This game takes advantage of a simple pattern. The basic setup involves you sitting on the ground with two treat dishes on both sides of your knees. There is a cone in front of you. The initial objective is to shape your dog to go around that cone from one side to the other. As they round the cone and approach the treat bowl on that side, place a cookie into it. The dog should eat the cookie as soon as they arrive and smoothly turn around to go around the cone to your other side, where they will collect a cookie from that bowl.


Thus you end up with a basic pattern - the dog goes from one treat bowl to the other by going around the cone in front of you. As the dog is successful, increase the amount of space between you and the cone. Now the dog must actively move away from you, interact with the obstacle, and return to your other side to collect their reward.


This is a shaping game, so the amount of handler help should be minimal - if your dog is struggling, changing your setup (I.e. moving the cone closer) is preferable. There is no verbal marker in this game, and the distance your hand travels to place the next cookie in the right bowl should be minimal.

Common Issues

The most common issue that comes up is cutting across the middle line instead of going around the cone, for example going around from left to right and cutting across from right to left. If this is not rewarded, the dog tends to then go around the cone from the side that they are now on (from left to right in our example). That gets rewarded, and many times that's all you needed to get the dog back on track.

Some dogs, however, try to continue the new pattern - cut across the middle in one direction and go around the cone in the other for their one cookie. This is not a pattern you want developing - it is crucial that the dog alternates direction with every rep. You can wait them out until they offer going around the cone in the direction they keep trying to skip, or you can make the set up easier and move the cone closer to you (half the distance).

If your dog lies down, or otherwise offers a stationary behavior, throw a reset cookie towards the line they should be traveling - when they get there and see the cone, they are likely to remember what they were doing and offer going around it again.

This is a fairly mentally intensive game, so watch your session lengths. Some dogs thrive on patterns and will go around that cone a hundred times. Other dogs will start to make deliberate mistakes when asked to do the same thing too many times in a row - ending the session or doing a different drill is better there to avoid building frustration.

Adding Variation

Once the dog understands the pattern and that they are not to cut across the middle line between you and the obstacle, you can increase the complexity of the thing they are doing in the middle. The simplest progression involves putting a jump right behind the cone - such that you are perpendicular to it. The dog then goes out, jumps a tight wrap before coming back to your other side to collect their treat. Since they are going back and forth, they are working both directions evenly.


From here your options open up. Two jumps on either side of the cone - progress to moving them further apart as the dog is successful to make two separate lines with a turn at the end.
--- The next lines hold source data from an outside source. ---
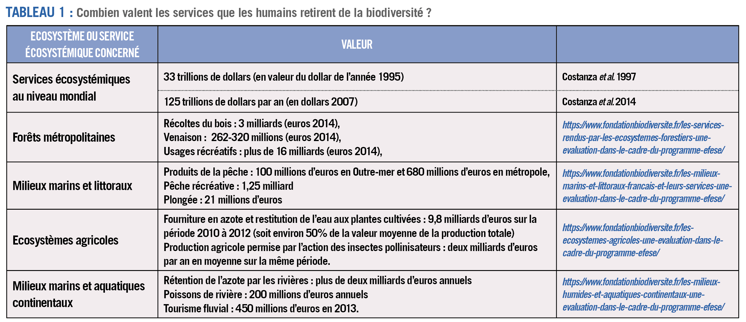 Cependant, combiner différents indicateurs est un challenge, car les valeurs ne sont directement comparables que lorsqu'elles sont mesurées en utilisant les mêmes métriques. C'est pourquoi pour l'instant, l'essentiels des travaux se concentrent sur l'évaluation monétaire des services écosystémiques (cf. tableau 1).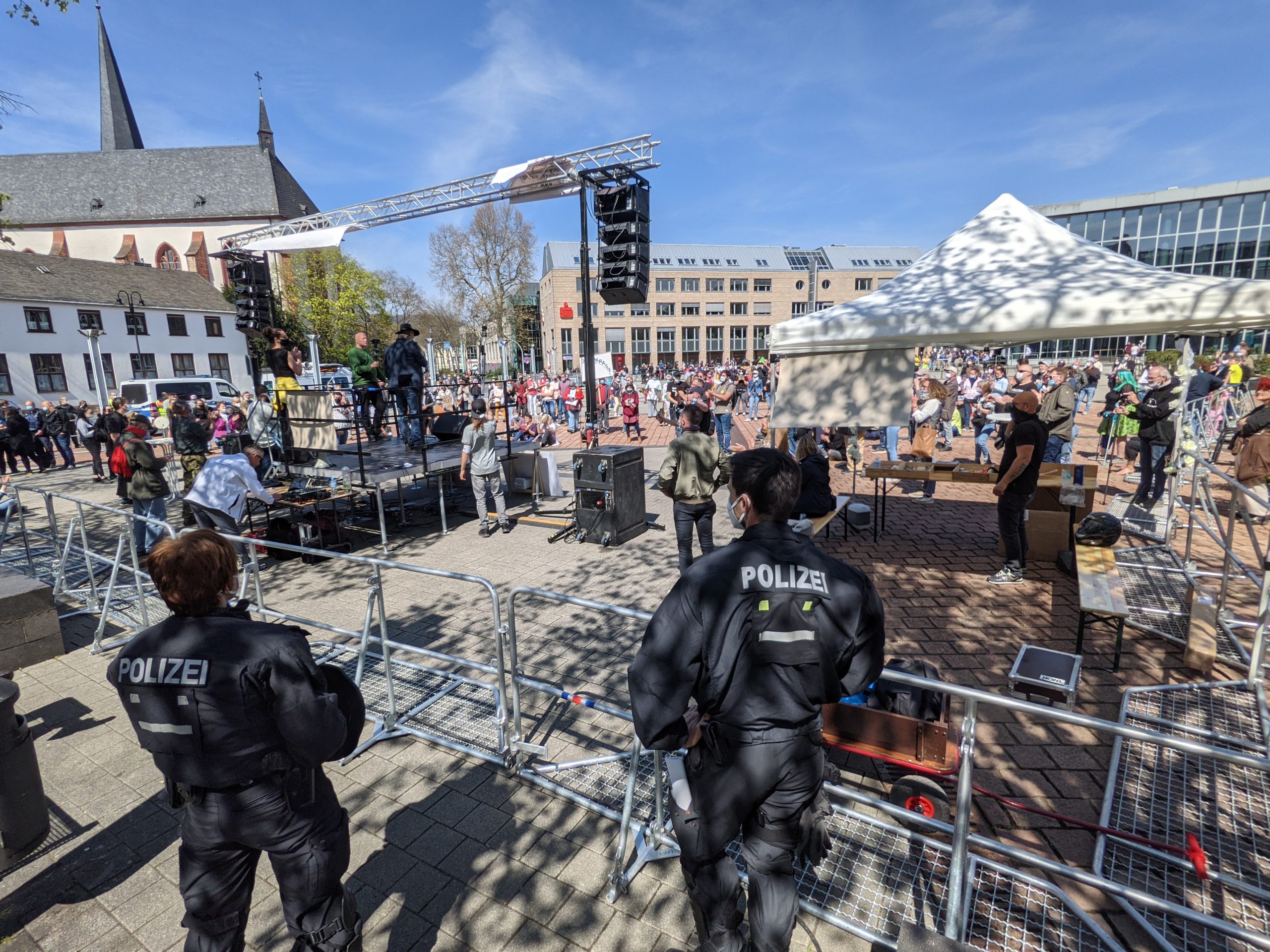 Während der gesamten Veranstaltung kontrollierten Ordnungsamt und Polizei in gemeinsamen Teams die Auflagen, insbesondere die Masken- und Abstandspflicht sowie von einigen Teilnehmern mitgeführte Befreiungsatteste von der Maskenpflicht. Es wurden viele Gespräche geführt und einige wenige Anzeigen gefertigt.
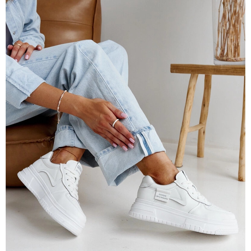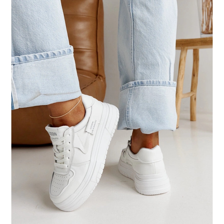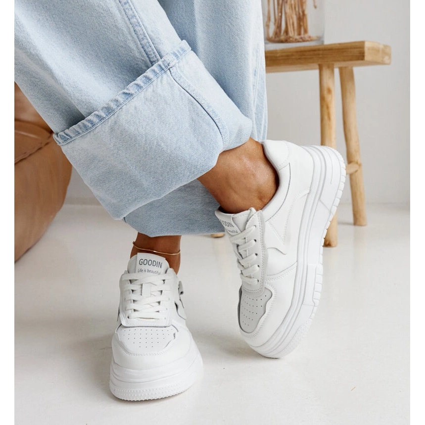 - Modèle: Baskets en cuir blanc à semelle épaisse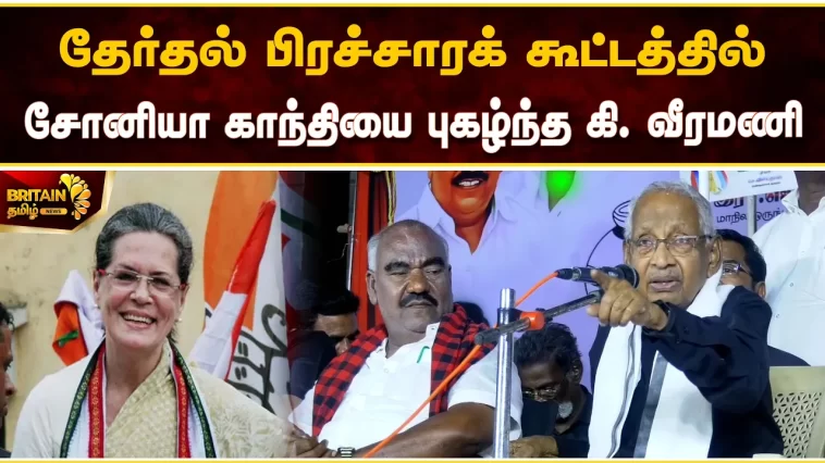 சோனியா காந்தியை தேர்தல் பிரச்சாரக் கூட்டத்தில் புகழ்ந்த கி வீரமணி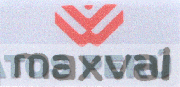El logotipo rectangular que contiene la denominación MAXVAL escrita en letras características, sobre la cual aparece la representación de una figura irregular, todo en los colores rojo, gris y negro; conforme al modelo adjunto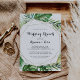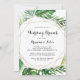 Este destino geométrico es una invitación al brunch boda tropical ideal para una familia y amigos día después del brunch boda. El diseño se compone de palmeras verdes de color agua pintadas a mano y hojas de plátano cuidadosamente dispuestas en bonitos ramos, adornando un marco geométrico dorado.

Add a tunnel to the picture - the dog will now take one jump, continue on their line to take the curved tunnel, come out from the other side to take that jump before coming back to you.

Expand that further - set up a jump grid, an element that allows your dog to turn (tunnel or cone or jump), then another jump grid on the other side. Set up weaves - or even just a single 2x2 to practice the entry. Making use of this pattern allows you to maximize the efficiency of your training.
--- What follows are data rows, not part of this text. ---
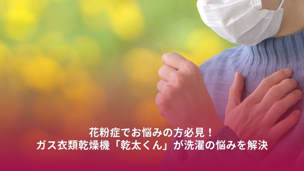 花粉症で洗濯物の外干しに悩んでいませんか?ガス衣類乾燥機「乾太くん」なら外干し不要で花粉・黄砂・PM2.5をシャットアウト。80℃以上の高温乾燥でアレル物質や雑菌、生乾き臭を除去し、スピード乾燥で家事も時短。花粉シーズンを快適に乗り切る最強の洗濯対策を詳しく解説します。 -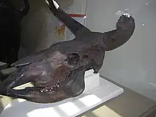 Le crâne était volumineux, avec un front plat et étroit muni de grandes cornes en forme de lyre, tournées vers l'avant en faisant un angle d'environ soixante degrés avec le front. La pointe pouvait parfois remonter vers le haut[33]. La forme précise de ces cornes pouvait légèrement varier d'un individu à l'autre. Celles des mâles pouvaient aller jusqu'à cent sept centimètres de longueur[34], quand celles des femelles étaient plus petites, jusqu'à soixante dix centimètres de longueur[30]. Claude Guintard indique même une taille maximale pour les mâles de cent vingt centimètres, mais des tailles moyennes bien inférieures à ces maximums : soixante deux centimètres pour les mâles, et quarante deux pour les femelles[35].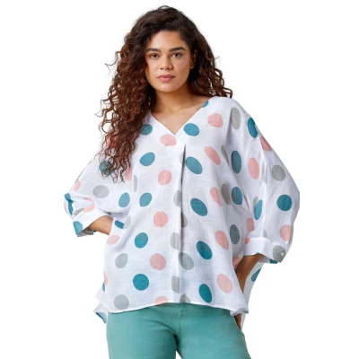 Polka Dot Print Pleat Front Top from Roman. Set sail for Summer in an easy breezy relaxed fit number! Crafted from a light woven material in a floaty fit, this v-neck top is complemented by a flattering pleat detail to the front. Styled with 3/4 length button cuff sleeves and a timeless spot print, our newest number is ideal for warm-weather dressing from home to holiday! It also features a dipped hemline with side splits for a loose finish. Update your casual collection by pairing this with denim jeans and sandals.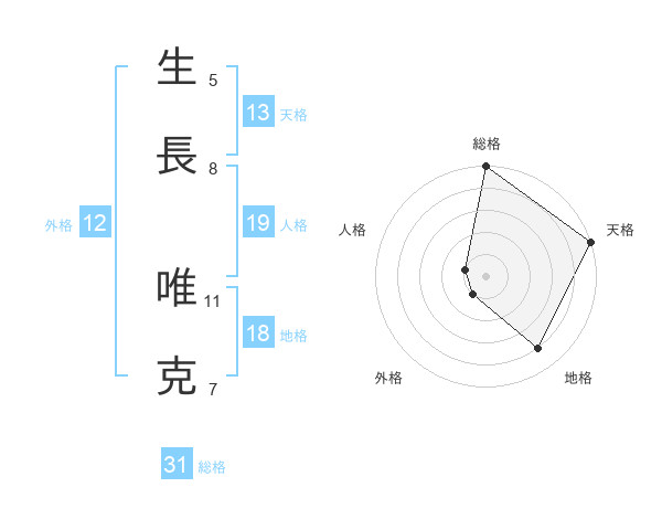 生長 唯克さんの総格は31画の5点!

By taking handler motion and start line stays out of the picture and using the pattern to give your dog confidence in where to go next, you allow them to concentrate on their job of obstacle execution. By applying the pattern to longer chains of obstacles, you let your dog develop confidence in working at a distance from you. The one-obstacle variants are great for a small space, while the space-requiring grids and sequences give your dog a workout with minimal effort on your part. The back and forth nature of the pattern equalizes the number of reps done with turning in each direction, keeping your dog's muscle development balanced.
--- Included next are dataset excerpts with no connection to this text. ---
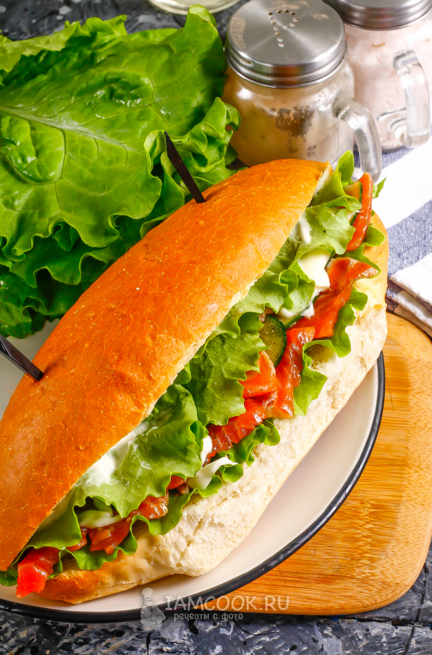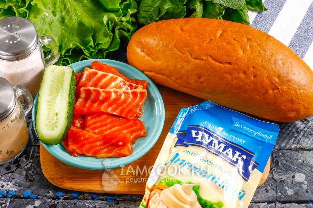Подготовьте необходимые ингредиенты для бутерброда из сайки с красной рыбой и начнем кулинарить!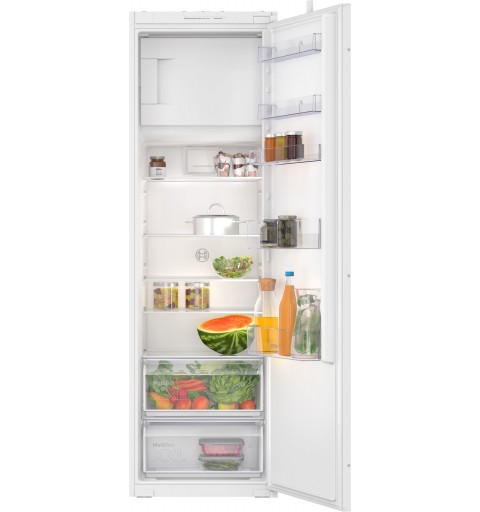 Bosch Serie 2 Frigorifero monoporta da incasso con congelatore, 177.5 x 56 cm. Posizionamento dell'apparecchio: Da incasso, Colore del prodotto: Bianco, Cerniera porta: Destra. Capacità netta totale: 280 L, Classe climatica: SN-ST, Classe emissione rumore: C. Capacità netta frigorifero: 246 L, Tipo di lampada: LED. Posizione del congelatore: Posto in alto, Capacità netta congelatore: 34 L, Capacità di congelamento: 2,5 kg/24h. Lunghezza cavo: 2,3 m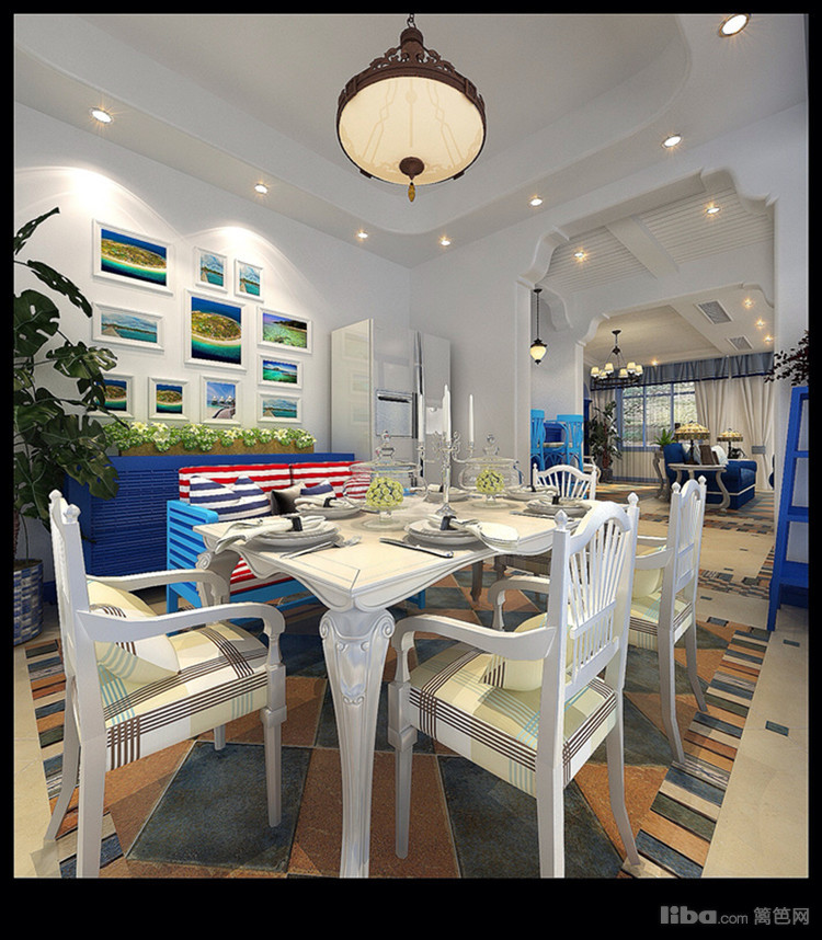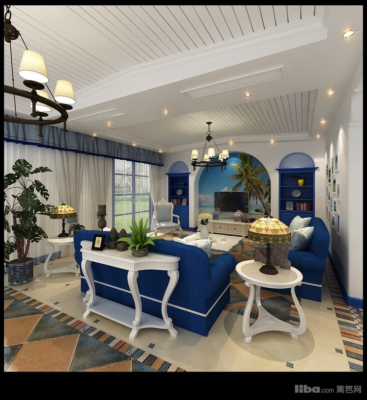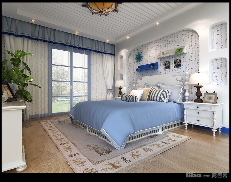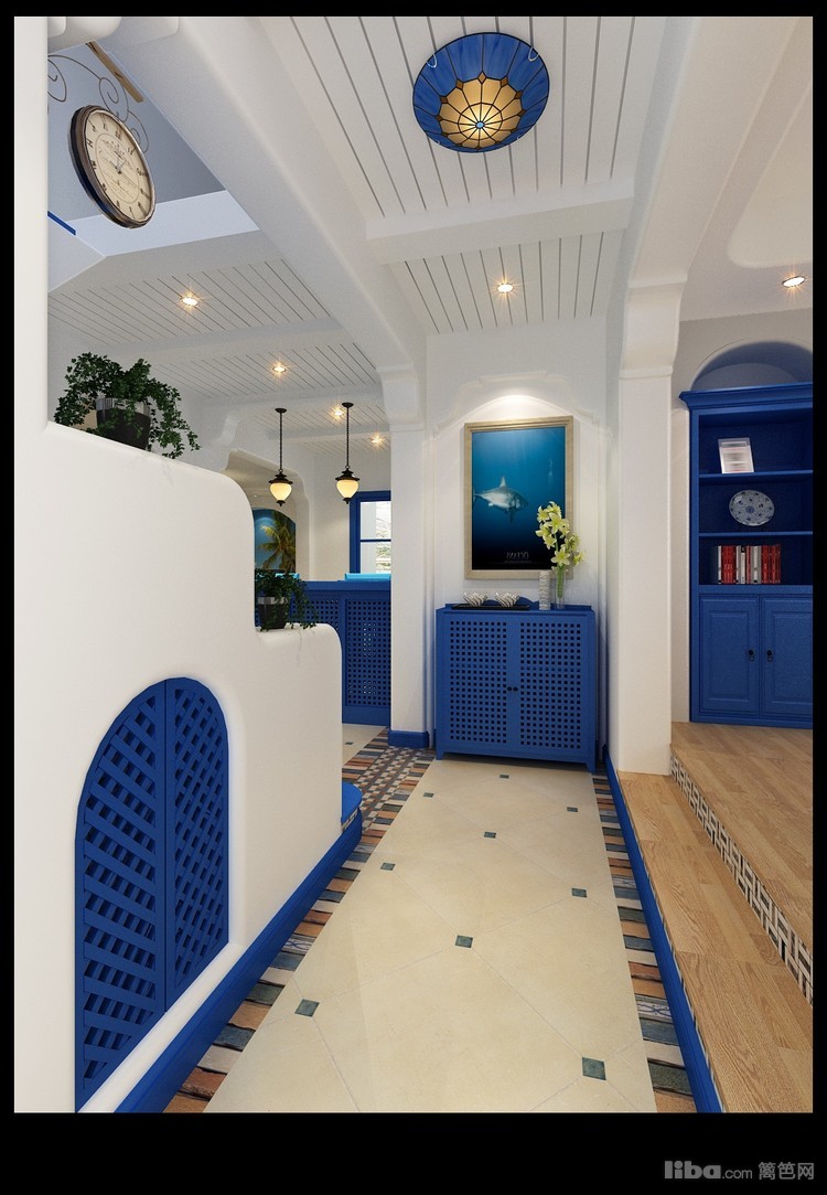 拱形的浪漫空间是地中海的建筑特色,纯美色彩搭 配是体现地中海的最大魅力蓝色家具采用让整个空间清新自然

Naturally, this game must be balanced out by other drills and games that practice handler focus and prioritize speed. Unless you have a dog who naturally likes moving quickly, their speed of execution in this game is likely to be leisurely - especially in the initial stages of learning the pattern and how it applies to variations. This is a game to add to your arsenal of tools to keep your agility partner balanced between obstacle and handler focus.